@article{JJN:AMAI05,
author = {Matti J{\"a}rvisalo and Tommi Junttila and Ilkka Niemel{\"a}},
journal = {Annals of Mathematics and Artificial Intelligence},
number = {4},
pages = {373--399},
title = {Unrestricted vs Restricted Cut in a Tableau Method
for {B}oolean Circuits},
volume = {44},
year = {2005},
}
Abstract:
This paper studies the relative efficiency of variations of a tableau
method for Boolean circuit satisfiability checking. The considered
method is a non-clausal generalisation of the
Davis-Putnam-Logemann-Loveland (DPLL) procedure to Boolean circuits. The
variations are obtained by restricting the use of the cut (splitting)

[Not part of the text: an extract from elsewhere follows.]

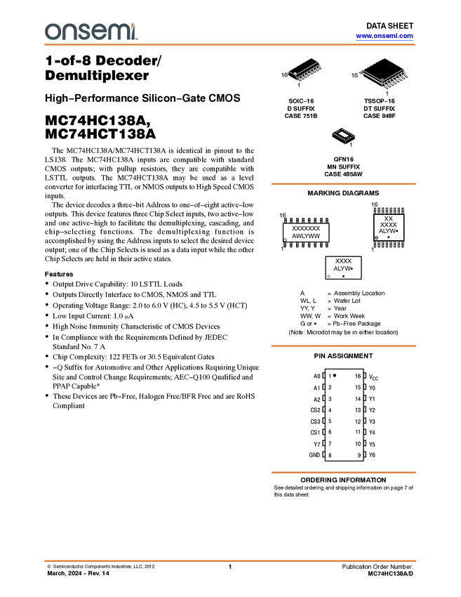 1-of-8 Decoder/Demultiplexer with LSTTL Compatible Inputs
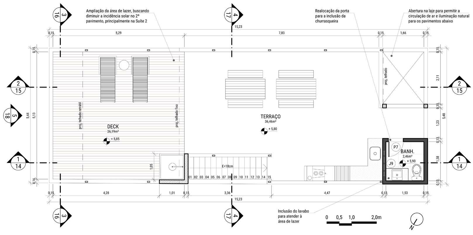 Dentre as propostas pode-se destacar a criação de uma escada mais acessível para o pavimento superior; abertura de um prisma de ventilação e a substituição da materialidade da fachada principal por cobogós, favorecendo a iluminação e ventilação no interior da edificação.

rule in several natural ways. It is shown that the more restricted
variations cannot polynomially simulate the less restricted ones. For
each pair of methods T, T', an infinite family of circuits is devised for
which T has polynomial size proofs while in T' the minimal proofs are of
exponential size w.r.t. n, implying exponential separation of T and T'
w.r.t. n.
The results also apply to DPLL for formulas in conjunctive normal form
obtained from Boolean circuits by using Tseitin's translation. Thus DPLL
with the considered cut restrictions, such as allowing splitting only on
the variables corresponding to the input gates, cannot polynomially
simulate DPLL with unrestricted splitting.